Что же ответить? Лида отошла от последнего раненого. Передышка. Сколько страданий. Перевязки, перевязки. Лида уже не вздрагивала при виде фонтанчиков крови и разорванных осколками мышц, она почти научилась сдерживать свои эмоции, на которые просто не оставалось времейида присела к столу — тело ныло от усталости, мысли отяжелели, нужные слова запропастились куда-то. Убедившись, что эти особые слова окончательно покинули ее, она быстро написала, что пришло в голову.

«Тетя Даша!

Я видела, как погиб Костя. Эшелон, в котором мы ехали, попал под бомбежку. Мы выбежали в поле, а Костя остался у пулемета. Он был смелый и погиб как герой. Я любила его, тетя Даша, только поняла это слишком поздно. А похоронили его в братской могиле у железной дороги. Ну, а мы наступаем…»

— Сестра, воды. — попросил раненый.

— Нельзя тебе пить, миленький, сейчас губы освежу.

— Все равно помирать, дай напиться перед смертью…

— Не помирать — жить тебе надо. Вот отвезем тебя в санбат, там врачи хорошие, поправишься. Ты только потерпи.

— Санинструктора к комбату! — позвали с улицы.
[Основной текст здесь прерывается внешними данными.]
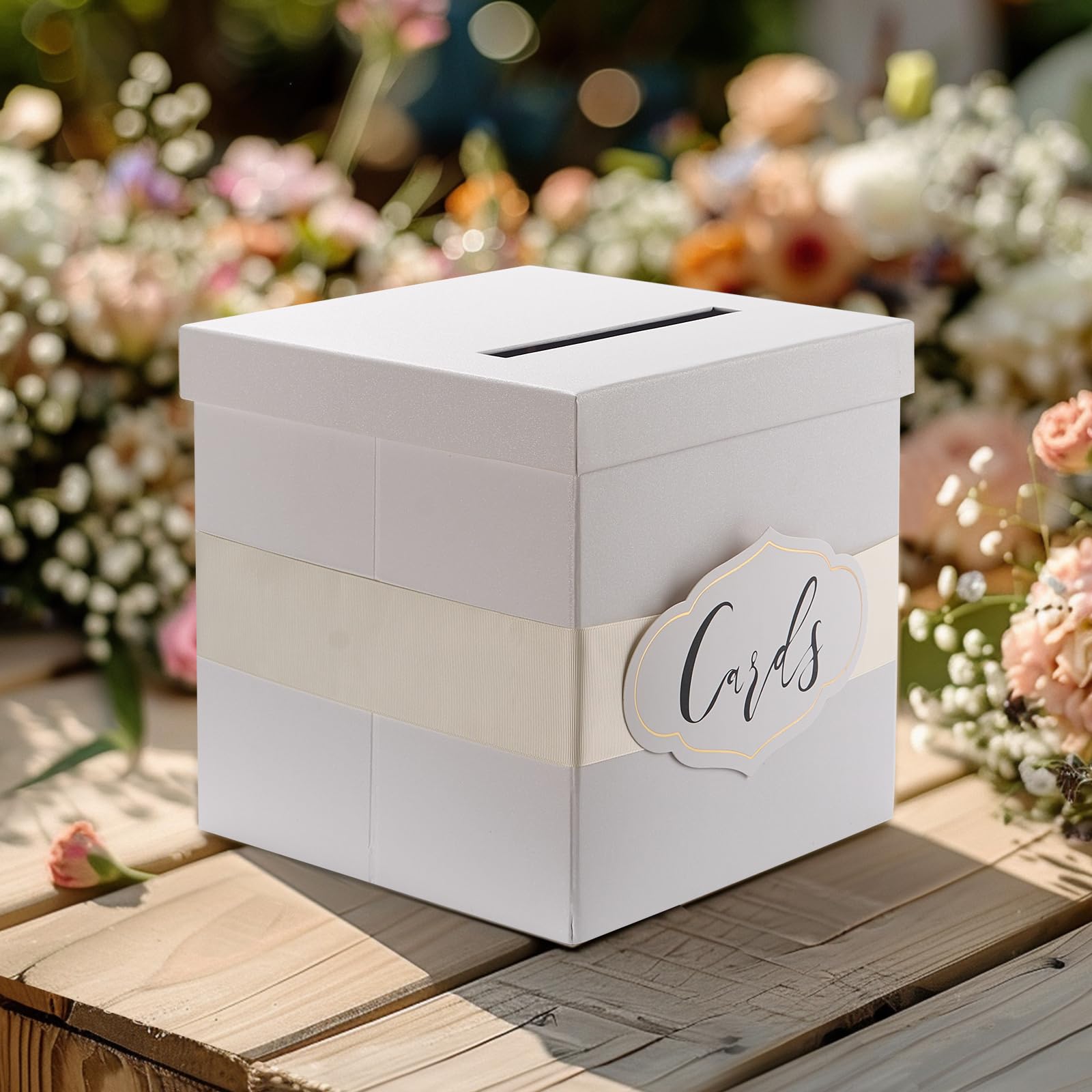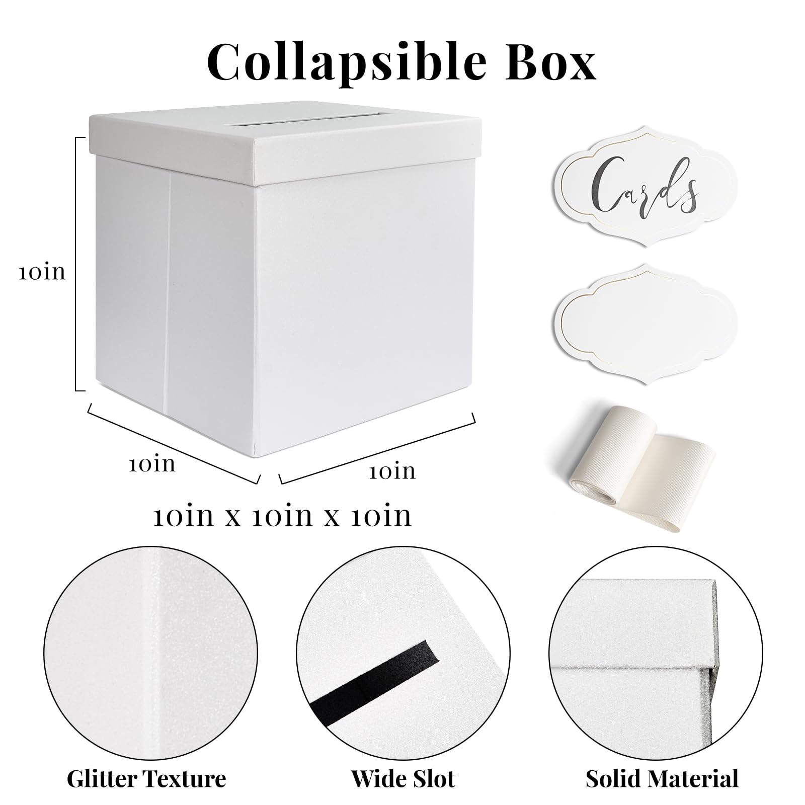 Perfekt für deine große Feier! Diese wunderschöne glitzernde Karten-Box im schwarzen Design ist ein absoluter Hingucker. Mit 25,4x25,4x25,4 cm groß genug für 150-200 Karten oder Geschenkumschläge. Einfach aufzufalten und aufzustellen - kein Werkzeug nötig! Der große Schlitz (19,1x2 cm) sorgt dafür dass alle Karten sicher landen. Mit eleganter elfenbeinfarbener Schleife und beschriftbaren Etiketten - personalisierbar für deinen Anlass. Aus stabilem Karton gefertigt - hält was aus. Nicht nur für Hochzeiten super, sondern auch für Geburtstage, Abschlussfeiern, Baby-Shower und andere besondere Events. Das geprägte Glitzer-Design verleiht deiner Dekoration sofort einen festlichen Touch. Einfach das beiliegende 'Karten'-Schild anbringen oder dein eigenes Design gestalten. Von PAPER FAIR - bekannt für hochwertige Party-Accessoires. Mach deine Feier unvergesslich mit dieser stylischen Karten-Box die nicht nur praktisch ist, sondern auch mega aussieht. Hol sie dir und sammle die herzlichen Wünsche deiner Gäste sicher und stylisch!

— Иду! — Лида выбежала из дома, на ходу пряча в карман листок письма. «Наступаем, теть Даш», — подумала опять и плюхнулась в мокрый снег, пережидая артиллерийский налет.

Военнопленный номер 245 бежал из концлагеря вечером, полночи ехал в товарном вагоне, потом забрел в село и уснул на первом попавшемся сеновале, а утром был схвачен полицейскими и приведен в участок.

— Выспался голубчик! — смеялись полицаи. — Надо ведь сообразить: залез к самому начальнику полиции.